The Indian equity benchmarks ended lower for the fourth straight session with the Nifty breaking 17,000 intraday in the highly volatile session on March 14.
At close, the Sensex was down 337.66 points or 0.58 percent at 57,900.19, and the Nifty was down 111.00 points or 0.65 percent at 17,043.30.
Amid weak Asian markets, the Indian benchmarks started on a negative note but recovered the losses and traded flat for a couple of hours before bears took charge. However, a 25-month low WPI inflation helped erase all the intraday losses but selling across the sectors dragged the benchmarks into the red.

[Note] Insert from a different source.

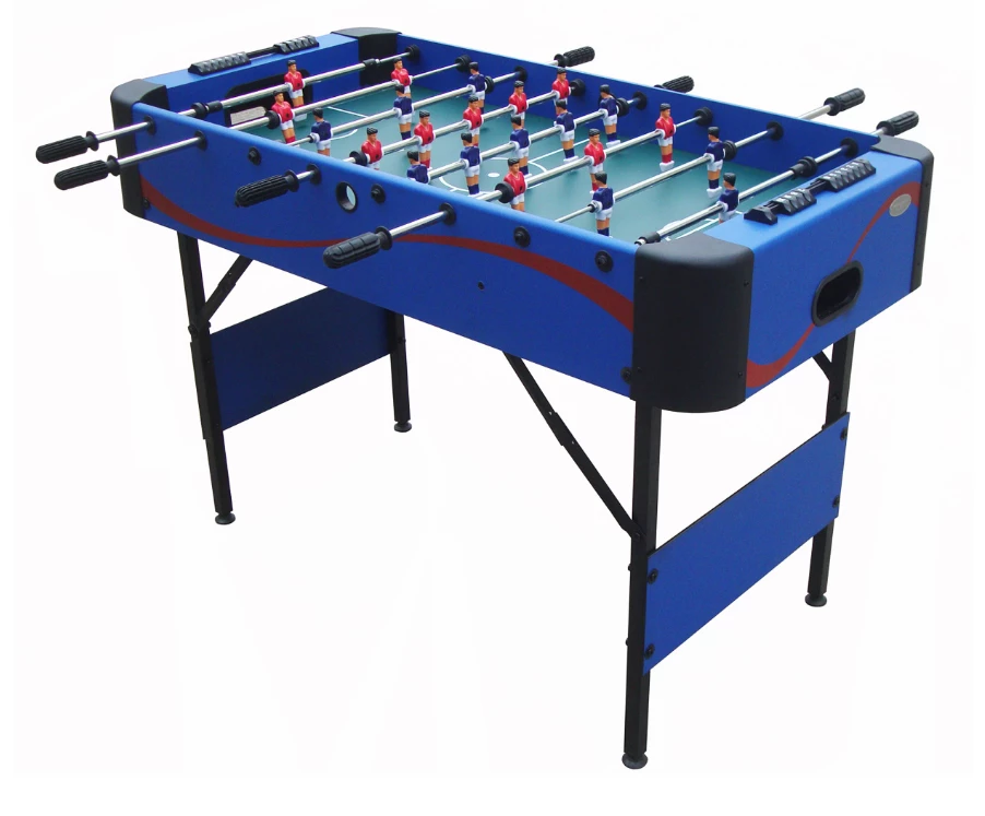 The Roma II is made with a striking blue surround and red stripe, and comes with two balls. With 11 players per side, it offers authentic table football on a 4 foot long pitch. Its rugged looks will appeal to any young’un, and its raised corners prevent those unfortunate strops when the ball keeps going out of play. Scores are recorded using the classic scoring tokens at each end.

“The selling continued while the degree of ambiguity over the US banks reduced due to supportive measures announced by the US FED. The underlying issue of the market is high interest rates, which will continue to wreak havoc in the world economy,” said Vinod Nair, Head of Research at Geojit Financial Services.
“Yields will take time to moderate to the long-term trend, given hawkish monetary policy and high inflation.
“However, the disruptive development in the US banks and a slowing economy have created a precursor to presume that yields will peak in the near future, supported by a change in monetary policy from hawkish to neutral, which will diminish the worries of long-term investors,” he added.
Also Read: India’s wholesale prices ease to 3.85% in February on reduced fuel & power prices
Stocks and sectors
Adani Enterprises, Adani Ports, M&M, TCS and HDFC Life were among the major losers on the Nifty, while gainers were BPCL, Titan Company, Bharti Airtel, SBI Life Insurance and Larsen & Toubro.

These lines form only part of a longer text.